Collected data entries:

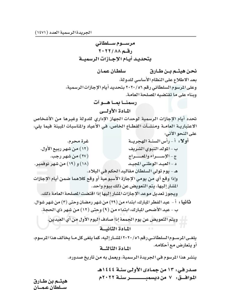 ووفقًا للحسابات الفلكية أعلاه، والمرسوم السلطاني رقم 2022/88 القاضي بتحديد أيام الإجازات الرسمية، فإن رأس السنة الهجرية الذي يوافق غرة شهر محرم من كل عام يعد إجازة رسمية للقطاعين العام والخاص بمناسبة ذكرى الهجرية النبوية الشريفة على صاحبها أفضل الصلاة وأزكى السلام.
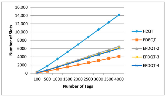 This experiment examines the effect that the number of tags has on the number of total slots generated by the reader to complete tag identification of the H2QT, PDBQT, EPDQT-2, EPDQT-3, and EPDQT-4 approaches. In this experiment, we ignore the tiny slots in the predetection phase and take only the number of slots that occurred in the tag response phase into account, since it will take more time to finish the process compared to the time spent in the predetection phase. The slot comparison results are given in Figure 6.
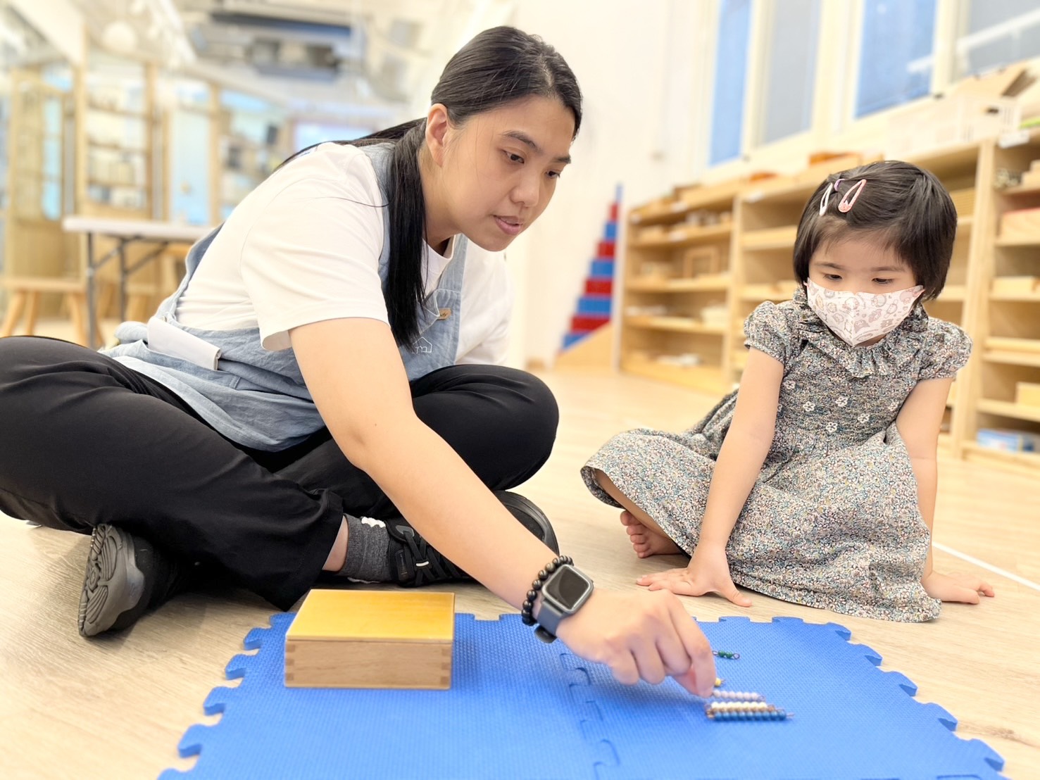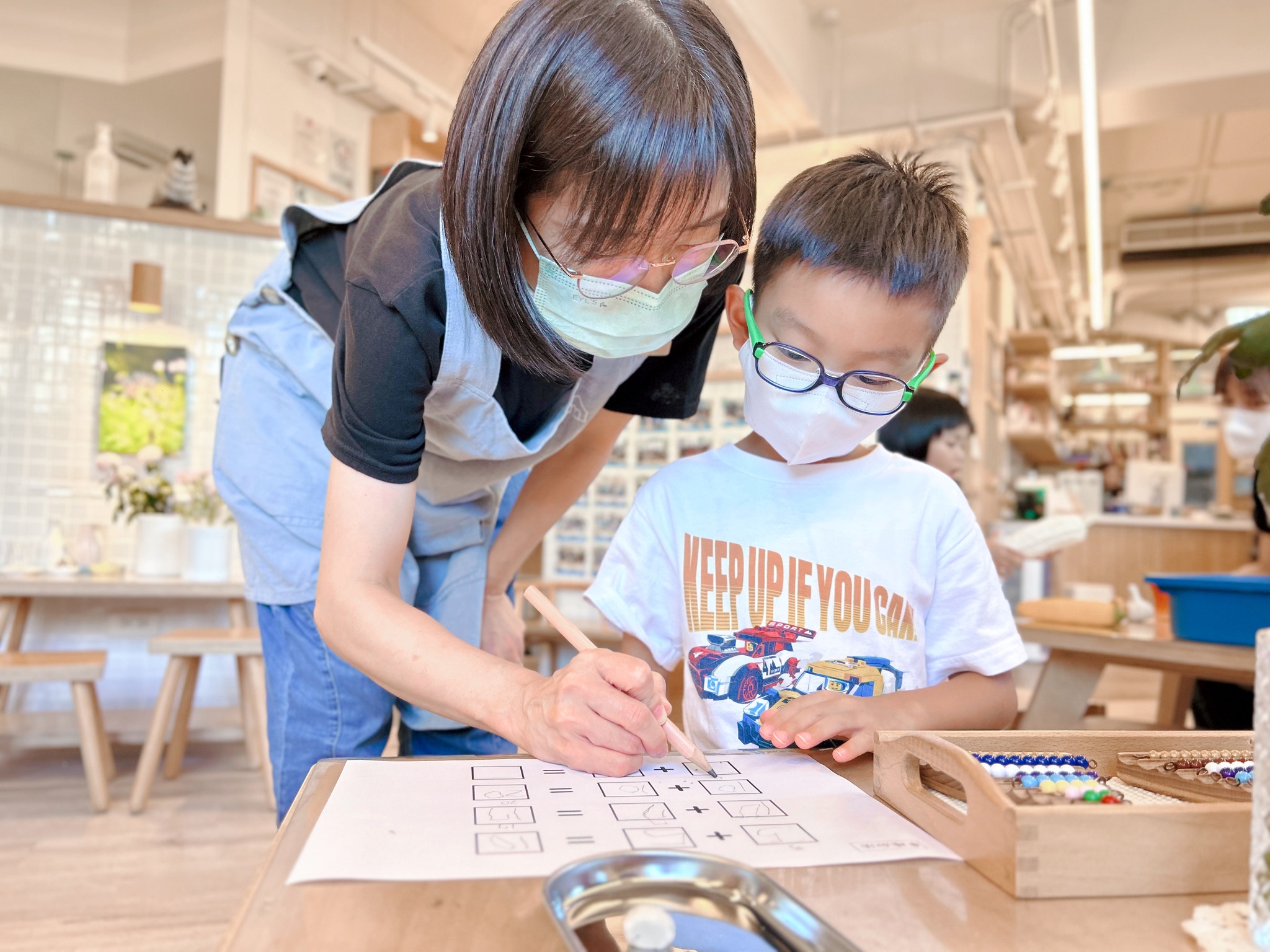 蒙特梭利課程,孩子們在課堂中獨立的完成工作操作,學習理解老師的指令與團體規則
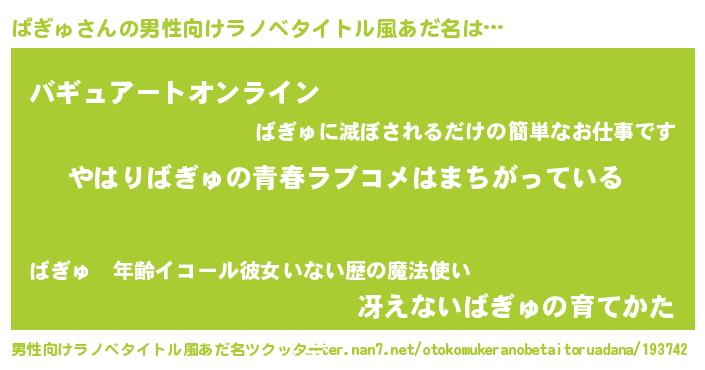 | 胡散臭い通販商品みたいなあだ名 | 『幸せが訪れる高級そうな壺…その名も「ばぎゅ」』 |
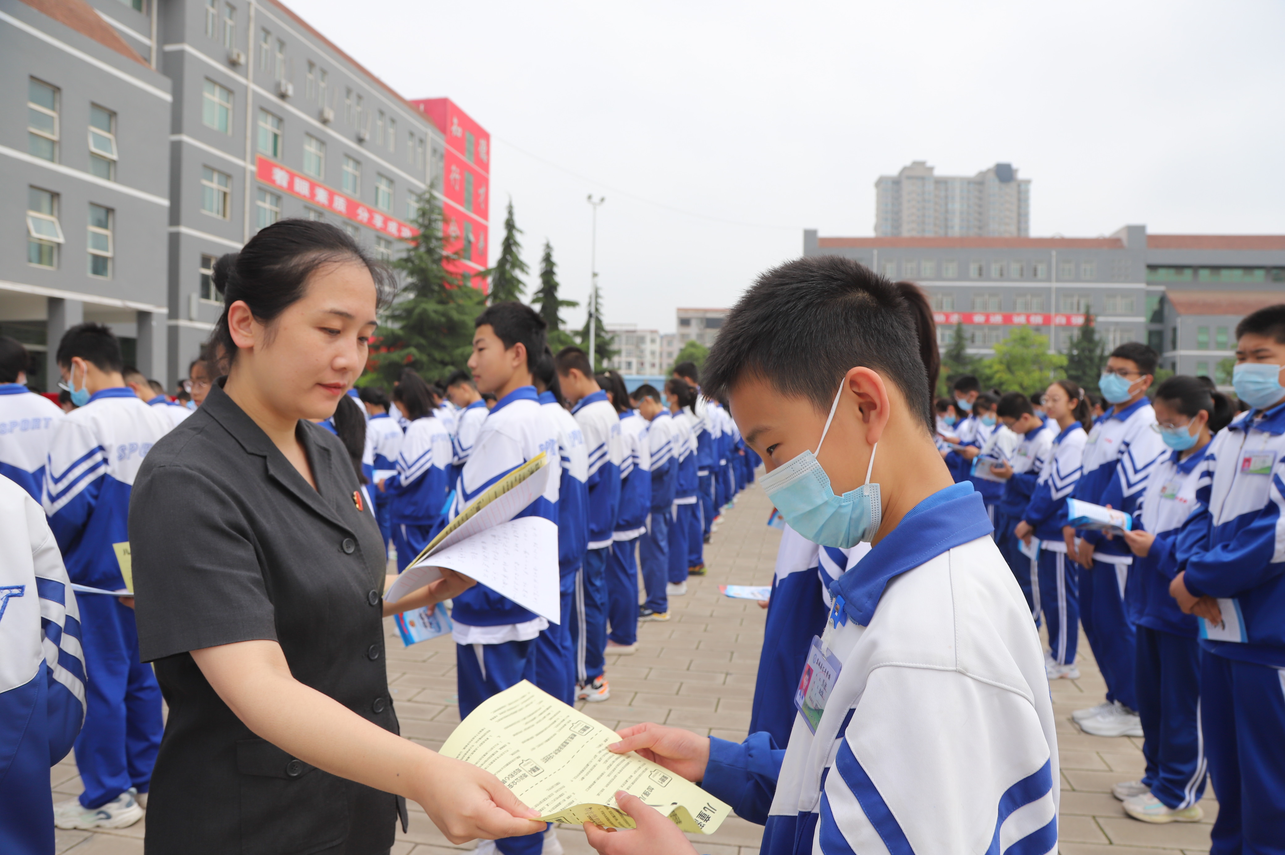 图为丁雪红法官给翼城县第五中学的学生发放宣传资料

→ Exercise instructions:
Repeat the lines of the records verbatim, starting at the line containing "蒙特梭利課程,孩子們在課堂中獨立的完成工作操作,學習理解老師的指令與團體規則" and stopping after the final line. Images stay out.

→ Response box:
 蒙特梭利課程,孩子們在課堂中獨立的完成工作操作,學習理解老師的指令與團體規則
 | 胡散臭い通販商品みたいなあだ名 | 『幸せが訪れる高級そうな壺…その名も「ばぎゅ」』 |
 图为丁雪红法官给翼城县第五中学的学生发放宣传资料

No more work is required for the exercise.